# HYDROPNICS, Trying it again.



## Meerkat

I'm going to try the hydroponics again since they did so good last year although I couldn't find an organic way to grow hydropnicaly.

Its still better than buying the GMO crap at the stores.

I'll park this here for further reference.






Another one for reference.


----------



## Meerkat

Decided to try to grow as we need until we can build up our preps again. Starting over with greenhouse plants. Here in Florida we should be able to grow some semi tropic plants under cover.

Anyone here use Johnny Seeds? I tried Baker Creek and not real pleased but it could be my fault since last year was trying in many ways for us.


----------



## Meerkat

[ Not changing the subject just saying we still plan on trying aquaponics later on.]
Also thinking about buying some goldfish for later on, let them be growing to a good size in our pond while we study more on the subject. Goldfish are good beginning fish,they can stand all kinds of water temps and abuse,haha. VERY HARDY!. You can grow food with them just as well as the popular ones but you can't eat them. Unlike the tilapia and perch.

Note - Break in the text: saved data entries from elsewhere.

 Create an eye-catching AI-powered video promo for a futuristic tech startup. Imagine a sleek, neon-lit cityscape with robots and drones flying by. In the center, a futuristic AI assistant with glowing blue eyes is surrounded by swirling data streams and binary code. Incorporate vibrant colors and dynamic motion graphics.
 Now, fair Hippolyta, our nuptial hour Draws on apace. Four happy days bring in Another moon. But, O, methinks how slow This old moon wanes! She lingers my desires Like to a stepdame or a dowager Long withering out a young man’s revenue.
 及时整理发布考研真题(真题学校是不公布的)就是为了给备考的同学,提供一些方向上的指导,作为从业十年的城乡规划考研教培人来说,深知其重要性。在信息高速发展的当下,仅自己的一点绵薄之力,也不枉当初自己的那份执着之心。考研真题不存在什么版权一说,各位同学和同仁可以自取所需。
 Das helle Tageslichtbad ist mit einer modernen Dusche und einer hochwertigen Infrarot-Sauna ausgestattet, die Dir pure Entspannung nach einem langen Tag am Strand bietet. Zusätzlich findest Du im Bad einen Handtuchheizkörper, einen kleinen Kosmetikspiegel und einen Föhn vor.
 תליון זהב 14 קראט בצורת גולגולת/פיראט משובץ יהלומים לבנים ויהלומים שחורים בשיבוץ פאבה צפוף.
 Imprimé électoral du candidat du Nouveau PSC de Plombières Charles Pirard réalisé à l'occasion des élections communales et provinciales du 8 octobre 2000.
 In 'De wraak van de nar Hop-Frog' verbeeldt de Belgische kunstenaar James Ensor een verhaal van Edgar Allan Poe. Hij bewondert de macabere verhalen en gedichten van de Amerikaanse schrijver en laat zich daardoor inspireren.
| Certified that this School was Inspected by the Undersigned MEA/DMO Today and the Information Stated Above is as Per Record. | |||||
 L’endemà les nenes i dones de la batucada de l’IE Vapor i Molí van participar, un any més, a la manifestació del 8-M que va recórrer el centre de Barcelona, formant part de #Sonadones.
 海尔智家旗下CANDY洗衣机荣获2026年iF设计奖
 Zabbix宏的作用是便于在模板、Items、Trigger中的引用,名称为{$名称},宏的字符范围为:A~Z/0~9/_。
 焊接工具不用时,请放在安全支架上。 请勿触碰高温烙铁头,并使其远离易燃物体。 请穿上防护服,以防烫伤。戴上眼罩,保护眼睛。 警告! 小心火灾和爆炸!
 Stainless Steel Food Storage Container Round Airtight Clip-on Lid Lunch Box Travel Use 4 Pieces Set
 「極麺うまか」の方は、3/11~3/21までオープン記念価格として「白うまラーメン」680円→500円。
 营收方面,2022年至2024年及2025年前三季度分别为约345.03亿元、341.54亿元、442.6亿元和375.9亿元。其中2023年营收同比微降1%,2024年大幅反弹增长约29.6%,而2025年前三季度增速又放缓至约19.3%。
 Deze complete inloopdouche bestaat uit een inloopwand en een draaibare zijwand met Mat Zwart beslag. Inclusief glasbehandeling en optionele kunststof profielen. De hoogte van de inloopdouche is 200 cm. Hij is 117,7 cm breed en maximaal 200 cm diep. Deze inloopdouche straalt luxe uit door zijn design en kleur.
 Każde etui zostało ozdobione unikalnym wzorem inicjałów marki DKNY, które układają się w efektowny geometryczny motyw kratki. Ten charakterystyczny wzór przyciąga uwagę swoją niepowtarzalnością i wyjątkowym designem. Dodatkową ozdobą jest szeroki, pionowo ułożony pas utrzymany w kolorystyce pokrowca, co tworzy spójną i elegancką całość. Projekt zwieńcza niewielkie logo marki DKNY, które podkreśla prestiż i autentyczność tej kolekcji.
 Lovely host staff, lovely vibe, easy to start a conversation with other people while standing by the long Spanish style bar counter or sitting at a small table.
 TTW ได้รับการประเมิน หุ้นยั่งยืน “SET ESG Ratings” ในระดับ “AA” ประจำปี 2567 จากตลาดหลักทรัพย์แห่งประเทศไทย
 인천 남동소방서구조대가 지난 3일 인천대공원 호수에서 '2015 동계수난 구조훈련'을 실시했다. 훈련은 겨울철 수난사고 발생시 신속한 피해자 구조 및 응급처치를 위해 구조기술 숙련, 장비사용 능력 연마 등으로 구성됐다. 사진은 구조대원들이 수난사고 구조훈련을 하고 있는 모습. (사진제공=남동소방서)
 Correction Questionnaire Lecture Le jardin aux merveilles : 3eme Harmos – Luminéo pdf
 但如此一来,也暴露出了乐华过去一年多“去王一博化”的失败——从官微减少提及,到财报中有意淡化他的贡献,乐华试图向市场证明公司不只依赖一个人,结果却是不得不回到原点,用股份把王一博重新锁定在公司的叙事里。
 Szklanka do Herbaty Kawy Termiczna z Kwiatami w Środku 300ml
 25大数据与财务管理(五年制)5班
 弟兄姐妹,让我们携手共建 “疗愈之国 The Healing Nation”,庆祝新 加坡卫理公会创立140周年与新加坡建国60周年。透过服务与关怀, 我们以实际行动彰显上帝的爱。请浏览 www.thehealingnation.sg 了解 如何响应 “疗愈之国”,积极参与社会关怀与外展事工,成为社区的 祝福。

I had heard that the popular fish for aquaponics are hard to keep for beginners. The water temp has to be fairly exact for them.


----------



## LincTex

Meerkat said:


> You can grow food with them just as well as the popular ones but you can't eat them.


HA! Who says you can't eat goldfish!?



Meerkat said:


> I had heard that the popular fish for aquaponics are hard to keep for beginners.


I love the quote I read on one site: "At first, you will be a serial fish killer"

HAHA!

http://www.windward.org/notes/notes66/walt66_t.htm

http://howlingmoose.com/09-resource-fair-presentation.pdf


----------



## Meerkat

LincTex said:


> HA! Who says you can't eat goldfish!?
> 
> I love the quote I read on one site: "At first, you will be a serial fish killer"
> 
> HAHA!
> 
> http://www.windward.org/notes/notes66/walt66_t.htm
> 
> http://howlingmoose.com/09-resource-fair-presentation.pdf


 LOl, you may be right, I have heard their cousin , Koi are delicacy's in Japan.

I found this one with exact measurements for the formular for hydros. I'll just park it here till I get ready to use it. 
What I like about this man is he is a very good teacher, simple and to the point. No loud ugly music in the background irritating you so much you can't learn or concentrate, no loud machinery doing a number on your nerves either.


----------



## LincTex

Meerkat said:


> LOl, you may be right, I have heard their cousin , Koi are delicacy's in Japan.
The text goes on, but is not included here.